あら、と意味ありげな視線が奥方のミシェルから当主の男性へと注がれる。
――何かあるな、と本能的にロゼルは身構えた。
『私は明朝早くに発たなきゃいけないから付き添えないんだけど。明日の夜は、第一皇子殿下の留学決定記念でね。未成年も参加できる晩餐会があるんだよ、皇宮で』
『へぇ』
なるほど、同年代の貴族の子息らの顔を覚えるにはちょうどいいか……と、ロゼルは気安く相槌を打った。再びフォークに手を伸ばす。好物のパンプキンパイに取りかかった。
さく、と切り分けるとまだ中身がほくほくとしている。少し大きめの一切れを口に入れると、数種の野菜や鶏挽き肉が一緒に詰められ、一度で何粒も美味しい。やさしい塩と香辛料で、飽きの来ない味わいだった。
内心の幸せをあまり表情に出さないロゼルだが、滲む雰囲気がとても和んでいる。それこそが我が家の晩餐の一番のごちそう―――とばかりに、イヴァンはにこにこと本題をぶっ込んだ。
『正式な場だからね。ちゃんとドレス着てね』
『……ッ』
『ごふっ!』
あやうく喉に好物を咀嚼途中で流し込みかけ、令息姿の少女は固まった。傍らではなぜか、イデアが咳き込んでいる。――大丈夫かこの人?

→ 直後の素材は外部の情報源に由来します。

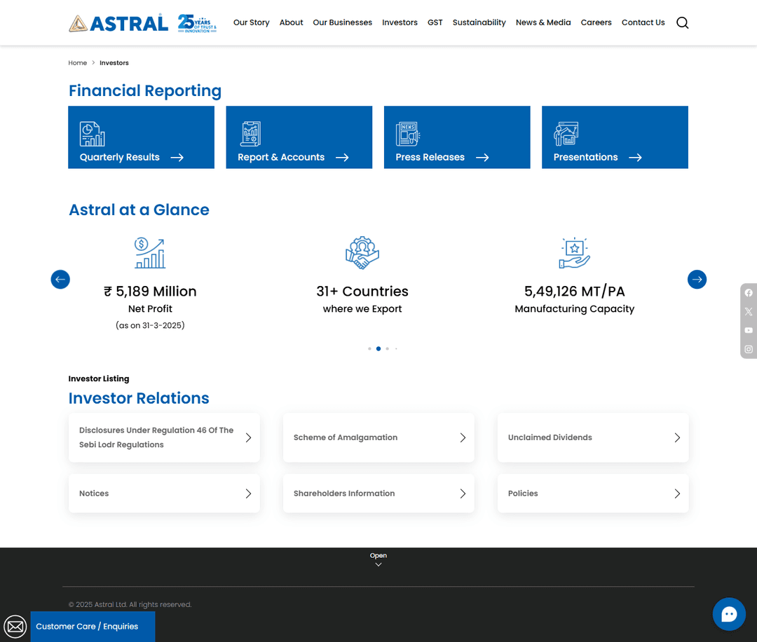 - LTD (Company Website): A robust company website that provides an overview of Astral Limited, its history, mission, and diverse product offerings.

もぐもぐと、出来うる最速で安全にパイを嚥下したロゼルは、左隣の青年の顔を覗き込んだ。
『平気? 先生』
『あ、はい大丈夫。すみません』
なんとも言えない、温い視線を感じて顔を正面に向けると、物凄く楽しそうな母ミシェルと目が合った。
『私の出番ね』
『え。母上?』
……裏切るんですか? と言外に仄めかすと、実にやる気満々のまなざしが返ってきた。
まさか。
『男の子の格好も似合うし、大好きだけれど。とっても良い機会よね。是非、ここは張り切ってキーラ家第三息女として装いましょう。

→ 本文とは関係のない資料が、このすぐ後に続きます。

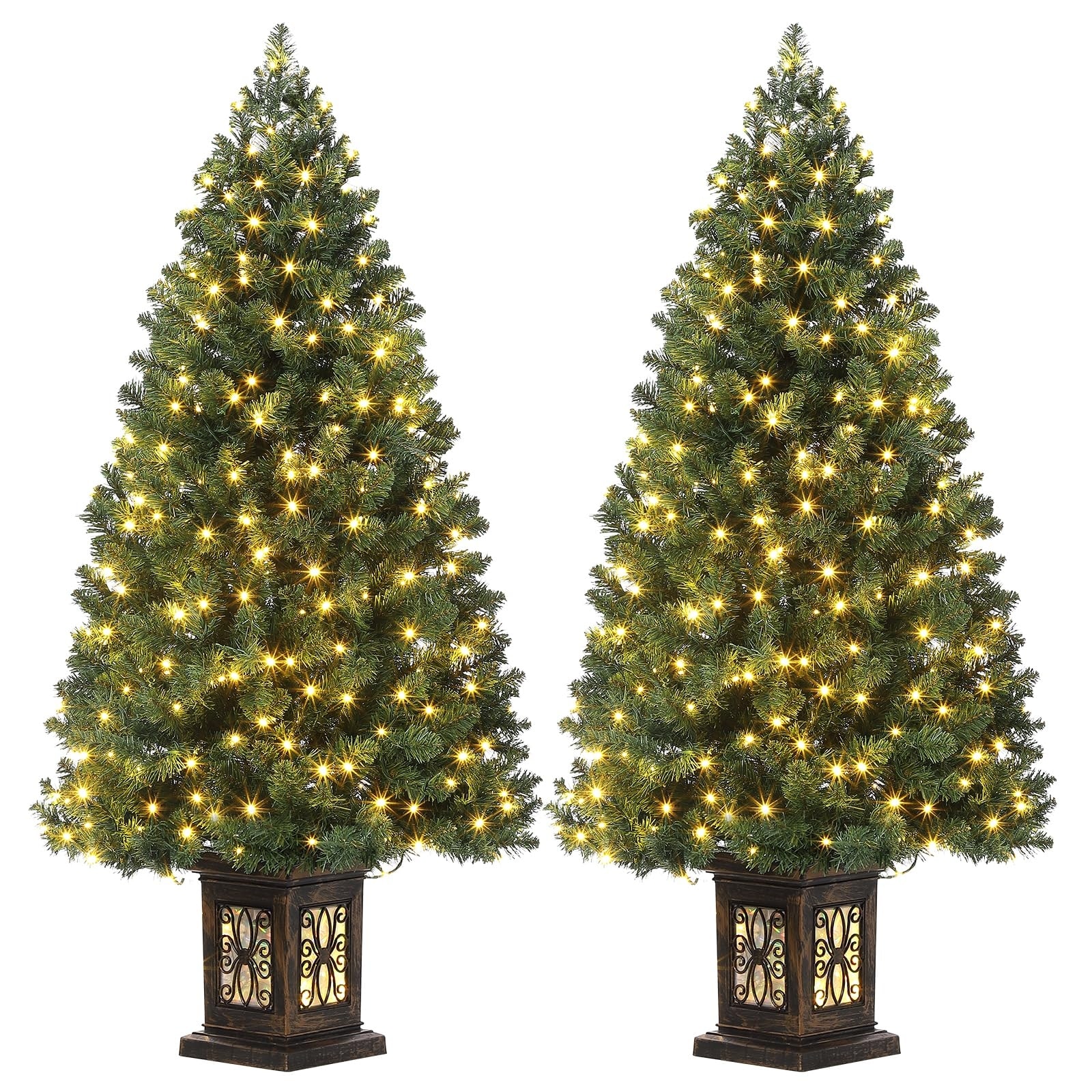 4.5 Ft Artificial Christmas Tree with 200 Warm White LED Lights and Red Berries Potted Base Holiday Xmas Tree

わたくしは明日、午後から王妃様に呼ばれてるので残念ながら支度に立ち会えないの。――安心なさい。腹心の侍女達に任せていくわ』
『どうして複数がかりなんです。たかだか女物の衣服に袖を通すだけでしょう』
『!』
バンッ、と。
決して大きな音ではなかったが、突如豹変したミシェルがテーブルを平手で打った。
『お黙んなさいロゼル。その認識は間違っています』
『あ、はい。申し訳ありません』
しれっと、水を入れたグラスを片手に素直に謝るロゼル。母の導火線はことのほか短い。その琴線の触れる箇所はおおむね把握済みだ。
自身の迂闊さを迅速に詫びる愛娘に、ミシェルは眼光を和らげた。
『わかればよろしい』
瞳を伏せた奥方に、怒りの波が収まったことを察知したイヴァンは、何食わぬ顔で斜め向かいの青年に語りかけた。
『じゃ、リース君。私の代理で付き添い頼むよ。…………ほんと、頼むね?』
『――はい?』
素で訊き返すイデアの声が、妙に印象的だった。